IMPAIRMENTS OF HIPPOCAMPAL LTP BY INTRACEREBRAL INOCULATION WITH OLIGOMERIC ABETA(1-42) ARE EXACERBATED BY AGE-RELATED HEARING LOSS IN MICE

Age-related hearing loss (ARHL) is considered a risk factor for Alzheimer's disease (AD)(10.3389/fnins.2018.00394) and mice that have congenital ARHL exhibit both deficits in hippocampal synaptic plasticity and spatial learning (10.1093/cercor/bhaa061; 10.1098/rstb.2023.0229). Hippocampal function is debilitated by intracerebral inoculation with oligomeric amyloid-beta (Abeta1-42) (10.3389/fnbeh.2015.00103) that is regarded as one of the main instigators of AD (10.12659/MSM.933084; 10.1111/febs.1693; 10.1016/j.immuni.2024.09.014).

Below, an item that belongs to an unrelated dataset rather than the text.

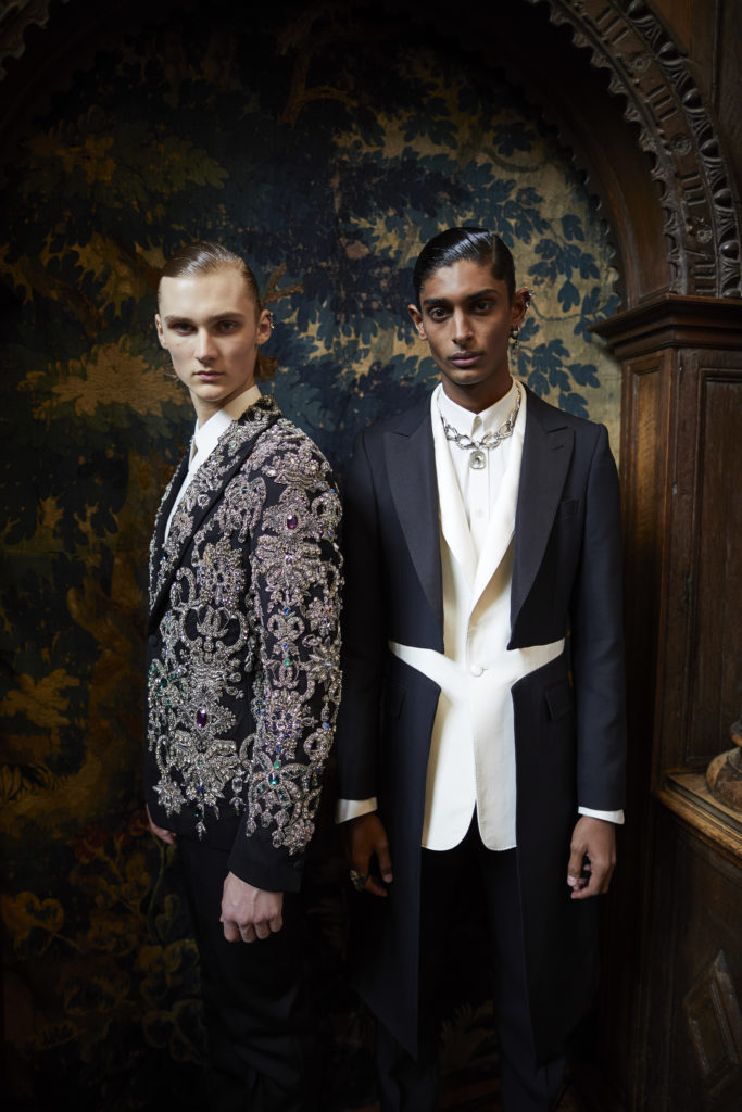 Les breloques comportent des coléoptères et des araignées piégés dans de la résine et de grands pendentifs en cristal de quartz à facettes trempés dans des pigments de couleur et sertis dans de délicates tasses en métal bordées de fleurs ornées de bijoux. Les bagues en argent antique sont serties d’insectes piégés dans de la résine ou ont des détails floraux en haut relief et des bords à facettes finis avec des microcristaux et des boules de métal écrasées.

Here, we explored the extent to which hippocampal synaptic plasticity is affected by ARHL and Abeta. Two mouse strains were compared: the C57BL/6 strain that exhibits progressive ARHL from early life (10.3342/ceo.2010.3.3.126), and the CBA/CaOlaHsd that does not exhibit sensory deficits.
Male mice underwent intracerebral inoculation with oligomeric Abeta(1-42) at 2 months of age. One, three, and six months later, hippocampal long-term potentiation (LTP) was assessed in freely behaving mice. We observed that C57BL/6 mice expressed weaker LTP compared to age-matched CBA/CaOlaHsd mice. Moreover, the ARHL strain exhibited impaired LTP, compared to controls, beginning one month after treatment. By contrast, CBA/CaOla mice first exhibited impaired LTP 6 months after treatment with Abeta. These results indicate that ARHL may be associated with poorer hippocampal synaptic plasticity in mice. In addition, LTP impairments, caused by intracerebral inoculation with oligomeric Abeta, emerge in earlier in time in ARHL mice than in the sensorily intact murine strain. These findings prompt further considerations that a functional link between Abeta(1-42) propagation and ARHL may contribute to the increased AD vulnerability of individuals suffering from ARHL.
Supported by a Deutsche Forschungsgemeinschafts grant to DMV (GRK 2862/P04, project no.: 492434978).